Она придвинула к себе обрывок пергамента и принялась быстро чертить завитки. Казалось, что ей это не стоило ни малейшего труда. Забавный цветущий лес прорастал из буквиц словно бы сам собою.

— Гляди, вот так можно написать любовное письмо или какое-нибудь шуточное поздравление… А вот строгий шрифт для деловых документов… Вот крупные буквы — это детские прописи, их иногда заказывают, когда хотят обучать ребенка грамоте. На полях можно нарисовать разных зверьков или растения, это поощряется. Я научу тебя.

Инаэро, как зачарованный, смотрел на вырастающие из-под тоненьких девчоночьих пальчиков буквицы и виньетки.

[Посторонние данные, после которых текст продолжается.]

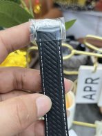 Integrated Rubber Strap with White Stitching: Leaning fully into a sporty, athletic aesthetic, the watch is mounted on a deeply textured, black integrated rubber strap featuring a woven, sailcloth-like pattern. To perfectly echo the white luminous material on the dial, the strap is finished with subtle white contrasting stitching. It is highly resistant to saltwater and sweat, secured by a sleek stainless steel deployant clasp.
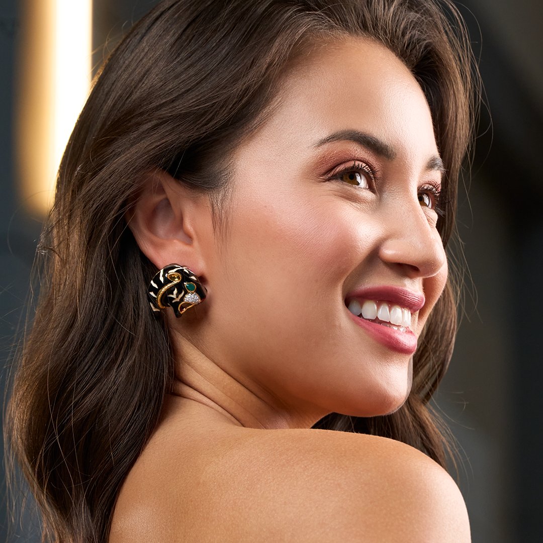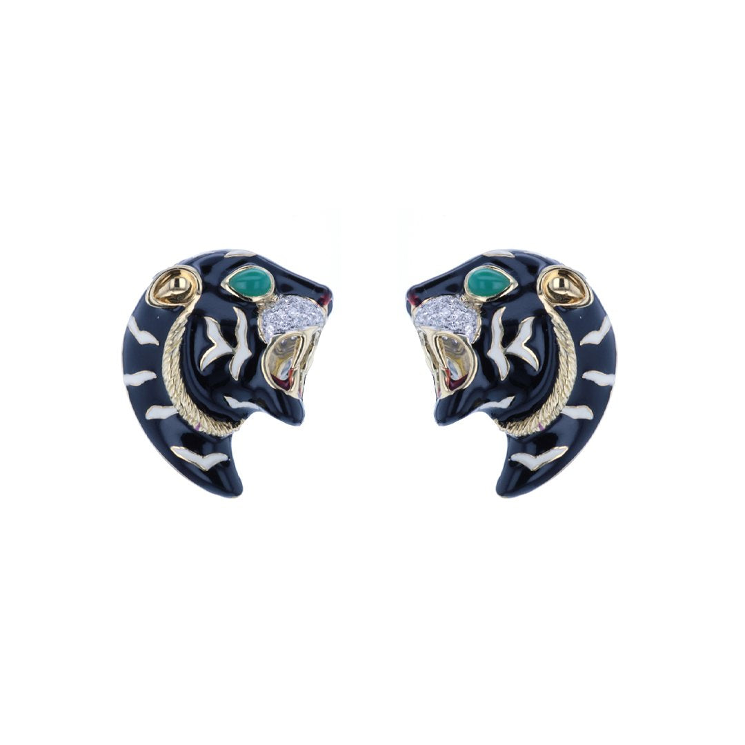 These estate 18KT yellow gold Panther earrings by Robert Legnazzi, dating from the 1980s to early 1990s, feature striking black, white, and red enamel detailing with vibrant green cabochon gem eyes. Accented by 32 pavé-set round diamonds and finished with 14KT yellow gold findings, these unique earrings combine bold artistry with luxurious craftsmanship.

— У тебя настоящий талант, Аксум, — признал он наконец. — Я в жизни так не сумею.

— Ну, не так, так как-нибудь иначе, — снисходительно улыбнулась Аксум. — Хотя у меня, конечно, талант. Боги наградили меня этим даром… Потому-то Ватар и выложил за меня кругленькую сумму. Ему прежний мой хозяин сказал. Инаэро разинул рот.

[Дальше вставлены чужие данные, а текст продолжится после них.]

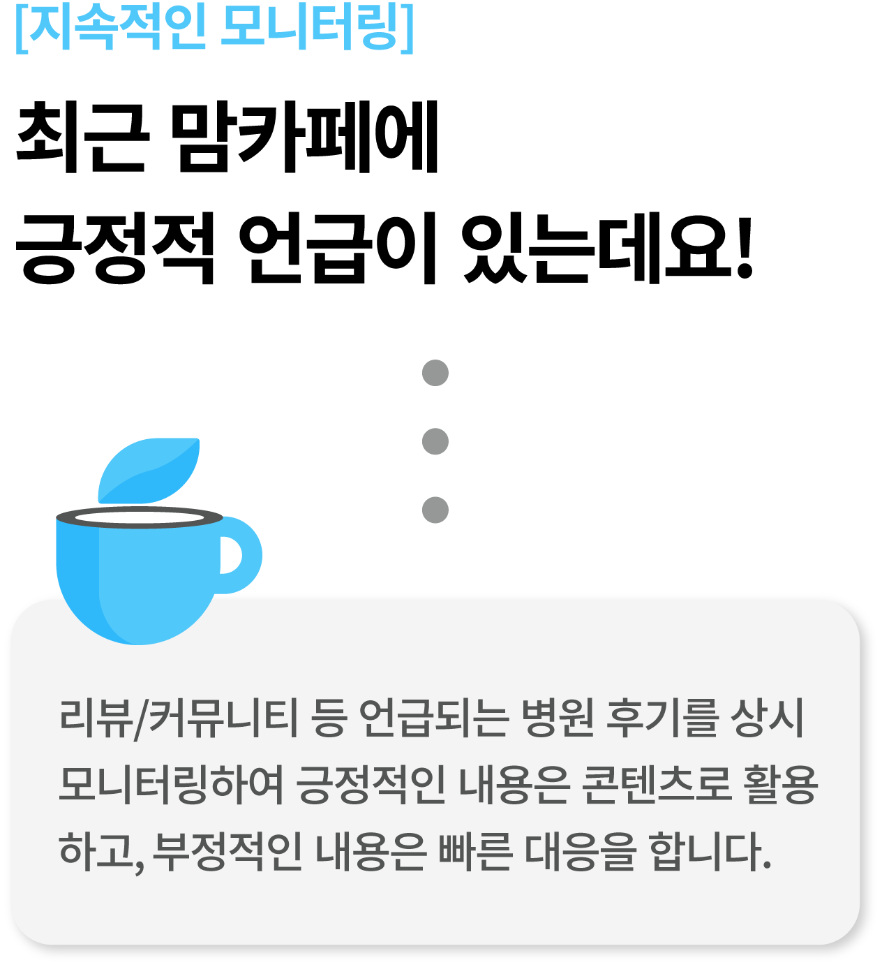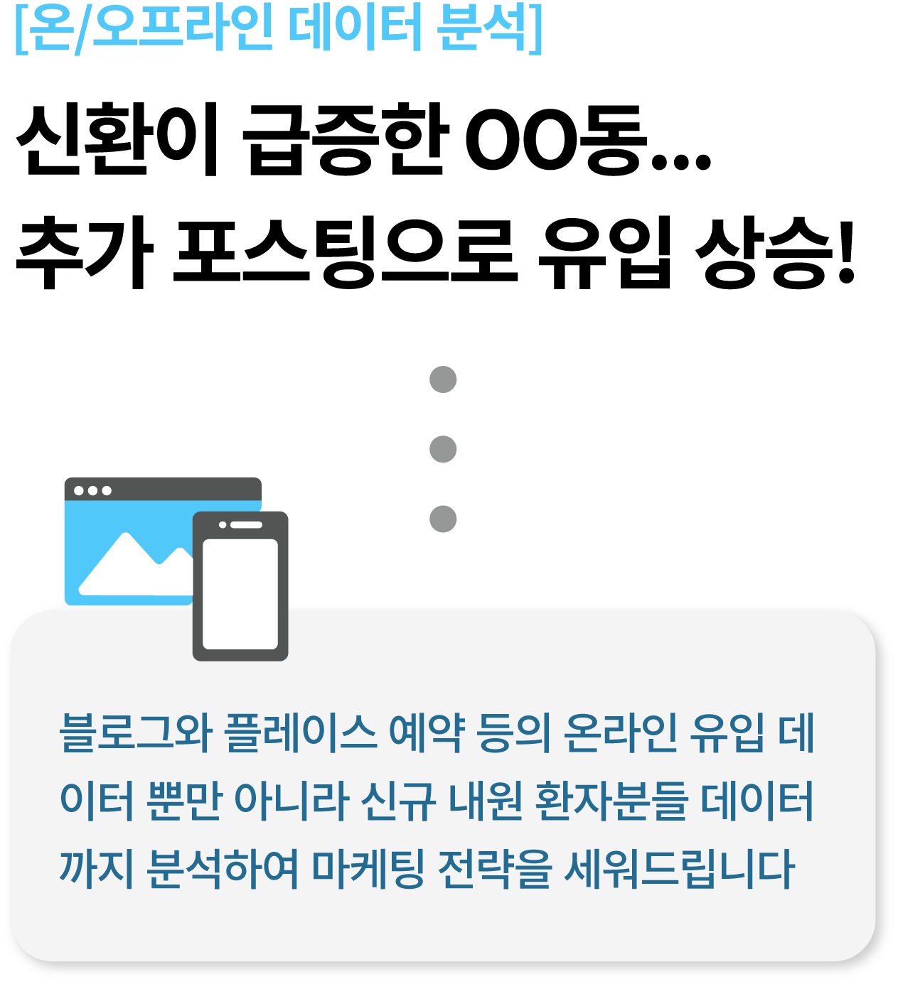 단순한 진료과목만 암기하지 않습니다. 기억에 남는 진료 사례, 자신 있는 치료방법 등 병원과 원장님에 대한 세부적인 정보를 파악하여 환자의 기억에 남는 노출 전략을 세웁니다.

— Вот так штука! Ты, значит, рабыня?

— Я же тебе уже говорила… Здесь почти все куплены на рынке. Кстати, на этом самом, на Блошином, где самый грошовый товар.

— Вот так дела… — протянул Инаэро и больше не прибавил ни слова.


* * *

Аксум как лучшая из мастеров Ватара часто получала заказы в богатых домах. Тогда она меняла свои поношенные шаровары и курточку на более изысканный костюм, заплетала густые, туго вьющиеся черные волосы в короткие, воинственно торчащие в обе стороны косицы, заворачивалась в тонкое белое покрывало — и отправлялась: сумка с письменными принадлежностями на боку, ноги неизменно босые, на мизинце левой ноги тоненькое золотое колечко, а на поясе — несколько певучих серебряных бубенцов, которые, как уверяла Аксум, отгоняли от нее злых духов.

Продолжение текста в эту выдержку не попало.